Human Rights Watch says those found responsible for crimes should be punished.
The
report is the latest of several recent accusations to hit Kenya's
police and military. Earlier this year, a U.N. investigator on
extrajudicial killings recommended the dismissal of Kenya's police
chief and attorney general for failing to rein in the widespread use of
extrajudicial killings and other misconduct by security forces.
Kenyan
and international rights groups charge police carried out illegal
killings during an operation that targeted the Mungiki criminal gang
and fired on protesters following disputed 2007 elections.

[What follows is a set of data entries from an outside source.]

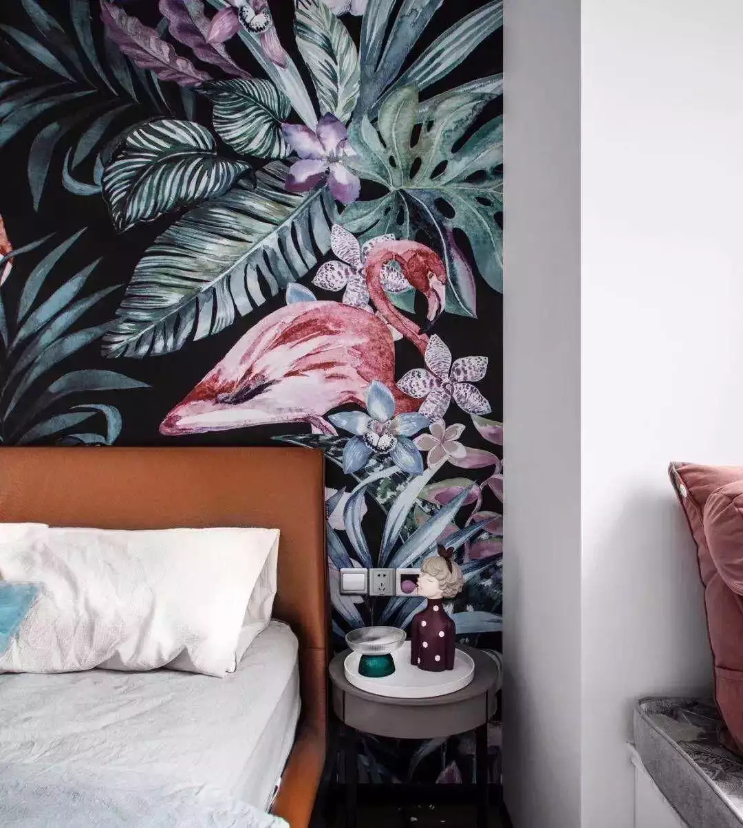 ▲次卧的床头墙是森系花纹的墙布,布置橙色的皮艺床,床头柜摆上花瓶与金属材质摆饰品,让次卧空间也充满文雅安静的惬意感。
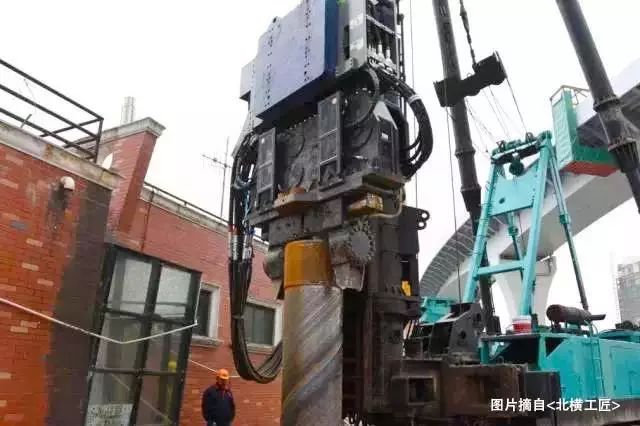 北橫通道新建二期I標天目路高架工程地處上海火車站商圈鬧市區。高架橋梁上跨軌交1號線,承臺距離軌交1號線的水平凈距離僅為2.5米。 箱涵段上跨運行軌交13號線隧道,箱涵下MJS加固與13號線垂直距離僅1米,軌交隧道對MJS加固及承臺開挖引起的底層變形極為敏感。高架鋼管如果采用普通樁錘施工,產生的共振易造成地表及建筑屋面松動和開裂,這勢必影響地下管線、地鐵及周圍建筑。項目團隊采用了新技術新設備,70RF免共振錘。其震動對于臨近居民幾乎小到無法察覺,打樁時基本不擾民,還能大大提高鋼管樁施工質量和效率。
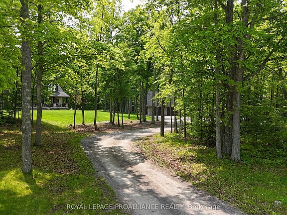 Tucked away at the end of a quiet dead-end road, this custom-built home sits on nearly 1.5 acres surrounded by forest, open fields, and fresh country air. A tree-lined driveway leads to a welcoming front porch, the perfect spot to relax and take in the peaceful setting. Inside, an impressive great room with vaulted ceilings and a hand-laid Nova Scotia stone fireplace creates a warm and inviting focal point. The spacious kitchen is designed for entertaining with a large peninsula, stainless steel appliances, and plenty of cabinetry. A cozy second living area, dedicated office, and convenient powder room complete the main floor. Upstairs, you'll find three generous bedrooms, including a primary suite with a walk-in closet and spa-inspired ensuite with double vanity and glass shower. The expertly finished lower level adds exceptional versatility with a beautifully appointed in-law suite featuring a full kitchen, living room, large bedroom with walk-in closet, and a luxurious bath. Step outside to enjoy a spacious deck with tranquil views of trees, trails, and open land. A fully insulated and heated double garage is ideal for a workshop, storage, or year-round hobbies. Additional highlights include an efficient gasification wood boiler system with electric backup heat, and central air, updated 2 years ago. Offering a true sense of retreat while remaining a short drive to Stirling or Marmora, this exceptional property is ready to welcome you home.
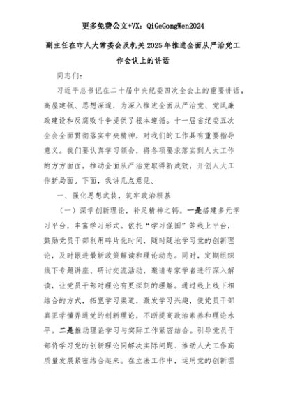 【七哥公文】2025年:副主任在市人大常委会及机关2025年推进全面从严治党工作会议上的讲话+更多免费公文+VX:QiGeGongWen2024+更多免费公文+VX:QiGeGongWen2024
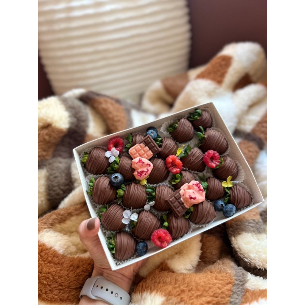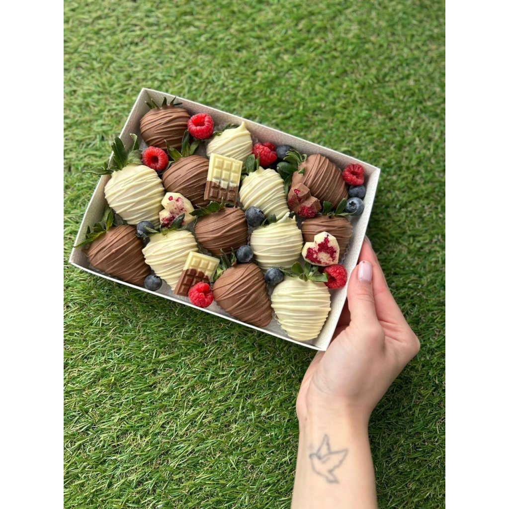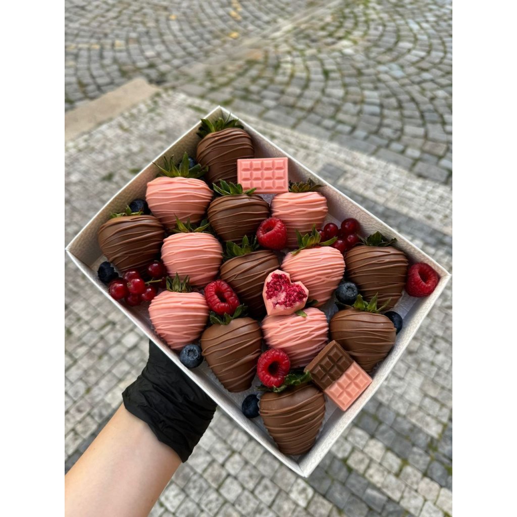 Elegantní kombinace velkých jahod v belgické čokoládě, doplněná malinami, borůvkami a roztomilými srdíčky z čokolády.

Human Rights Watch director Kenneth Roth said the trend is troubling.
"This
is not anywhere near the first time that abusive security forces have
engaged in this kind of misconduct," Roth said. "Increasingly it appears to us that
the security forces have become a law unto themselves. That they stand
above the rule of law that supposedly governs here in Kenya."
Kenya's
police have rejected the accusations of Human Rights Watch and Kenyan
security officials have also dismissed previous accusations of
wrongdoing, criticizing the accuracy and motives of human-rights
investigators. The response of politicians in Kenya's grand coalition
government has been more divided.
Members of president Mwai
Kibaki's Party of National Unity have tended to dismiss the claims,
while many in Prime Minister Raila Odinga's Orange Democratic Movement
have said the charges should be followed up.
The
operation described in the report was launched after clashes between
clans near Mandera left more than 20 people dead. Such violence
is common in the area, near the borders with Somalia and Ethiopia.
According
to interviews conducted in the area by Human Rights Watch, security
forces would round up all of the men in a town and beat them in an
effort to locate militia members and weapons. Witnesses said the
beatings were carried out with canes or iron rods and that some men's
testicles were crushed or ripped open. Widespread looting was also
reported.
Roth says official misconduct cannot be dismissed as the work of a few bad apples.
"This
was clearly an operation directed from above. And the torture that we
described in this report was systematic and widespread, so much so that
we believe there is a good case to be made that crimes against humanity
were committed," said Roth.
According to Human
Rights Watch, the security operation may not even have been
particularly effective. The group says many of the weapons handed over
by the community, in an effort to end the crackdown, were purchased
from arms dealers across the border in Somalia, rather than recovered
from militia members.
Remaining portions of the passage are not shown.